Tiger Woods Speaks: Timing of Planned Statement Curious, Experts Say

Experts say the timing of Woods' planned statement is curious.

ByABC News via logo
February 17, 2010, 2:27 PM

Feb. 18, 2010— -- Sports fans and gossipmongers have been waiting for three months to hear from Tiger Woods, but his planned five-minute statement will be judged as much more than a simple step back into the spotlight, experts say.

"No matter what he says or how thorough he tries to be ... people are going to watch him and judge him based on contrition and whether they think he's changed," ESPN golf expert Tom Rinaldi told "Good Morning America" today.

Woods said Wednesday he will speak Friday at 11 a.m. from the Professional Golfers Association's headquarters in Ponte Vedra Beach, Fla.

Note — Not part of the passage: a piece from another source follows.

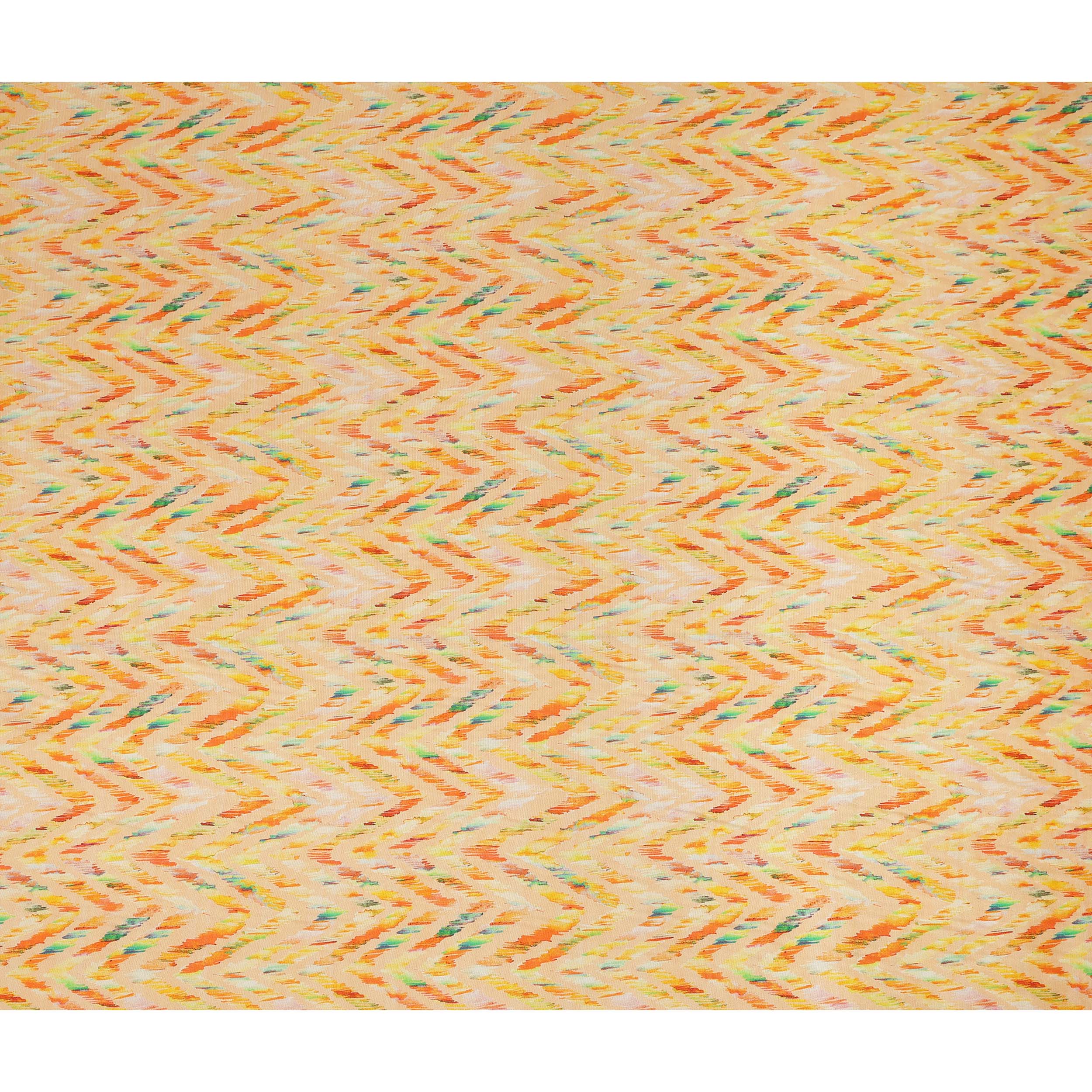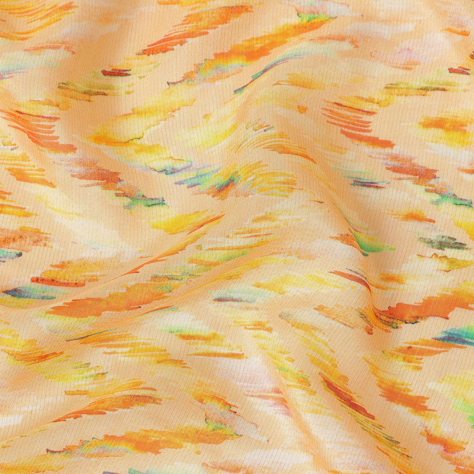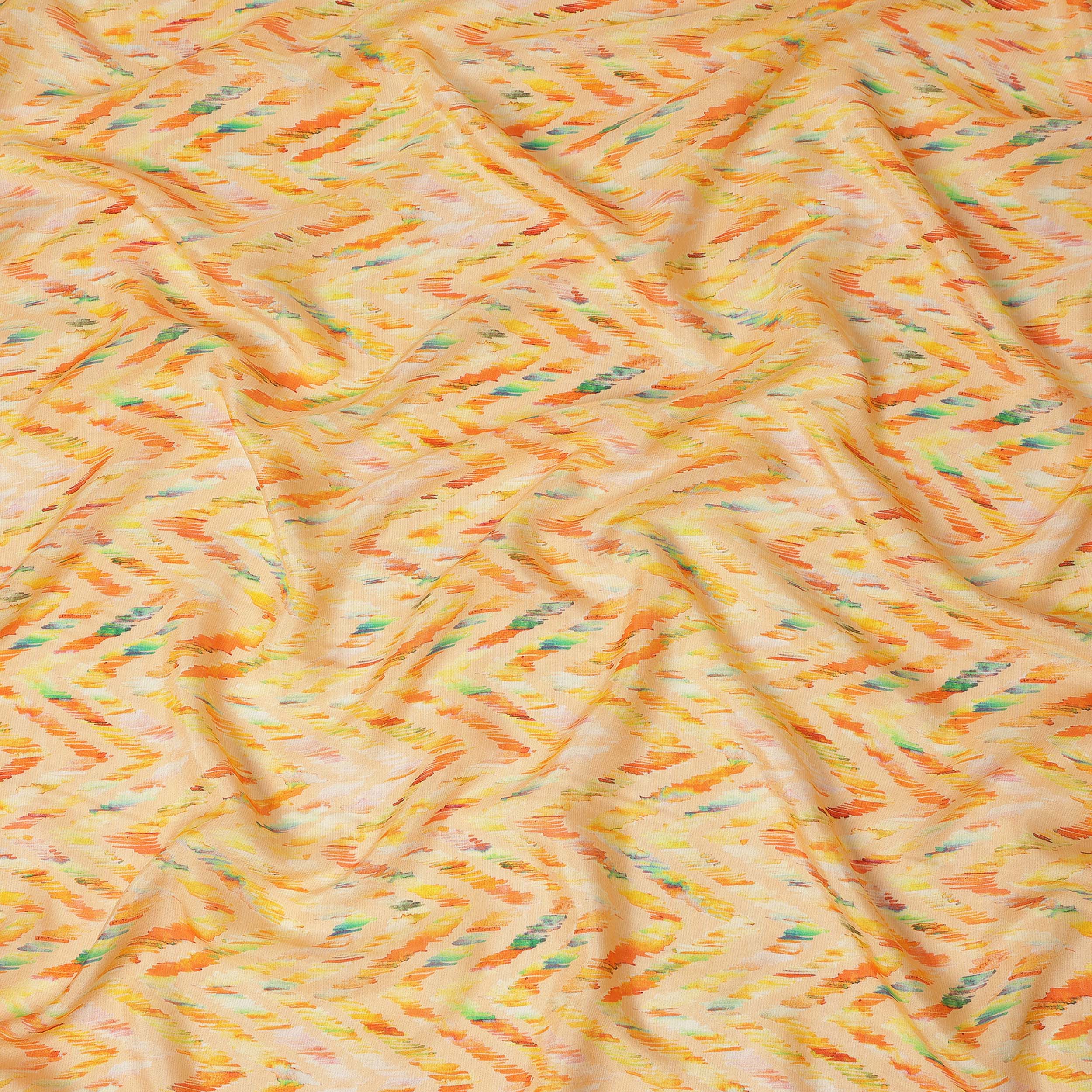 This light yellow chevron printed viscose modal satin fabric features a vibrant multicolor zigzag ikat inspired pattern gracefully layered across a soft light yellow base. Accented with lively tones of orange, green, and subtle coral, the design creates a fresh and energetic visual appeal while maintaining a refined balance. Crafted from premium viscose modal satin, the fabric offers a silky smooth texture with a gentle satin sheen that enhances its elegant finish. Lightweight and breathable, it ensures comfortable all day wear and delivers a fluid, graceful drape that flatters dresses, blouses, skirts, co ord sets, and scarves. With a width of 110 cms, it provides versatile flexibility for creative tailoring and designer collections. Ideal for festive looks and chic everyday outfits, this fabric beautifully combines softness, color vibrancy, and contemporary style.

The timing of the statement has raised eyebrows, coming right in the middle of the Match Play Championship sponsored by Accenture, the first company to publicly drop him as a spokesman. Deadlines for upcoming tournaments also loom.

Fellow golfer Ernie Els told Golfweek magazine after Woods' announcement that his statement was "selfish."

"I feel sorry for the sponsor. Mondays are a good day to make statements, not Friday," he told the magazine. "This takes a lot away from the golf tournament."

USA Today sports columnist Christine Brennan told "Good Morning America" today that Els' grumblings were likely shared by other golfers.

"It is not a nice moment," she said. "It is not a nice thing to do, to take the field of spotlight away from his peers."

But the planned statement shows that Woods is trying to take control of a situation that may have irreparably harmed his professional career and his personal life.

"This is a guy who has made his fame by mastering a given moment," Rinaldi said. "This moment will be the most challenging he's faced in his entire life."

Los Angeles public relations expert Howard Bragman told "Good Morning America" today that Woods' best chance for redemption is on the golf course.

"What's really going to determine his future is how well he plays golf once he goes back out on the course," he said.

Friday's statement is going to be so controlled, it may not make much of a difference, he said.

"He might as well have taped it himself and put it on YouTube," Bragman said. "If I were advising him, I'd say, 'You need to sit down with a credible journalist and really answer these questions.'"

In not taking any questions, as Woods' camp announced Wednesday, he pre-emptively reduced the event to a "dog-and-pony show," Brennan said.

But it will give reporters and a selected group of others the chance to eyeball the golfer up close for the first time in months.

"This is going to be a big deal in terms of how he tries to lay the groundwork for his comeback," she said.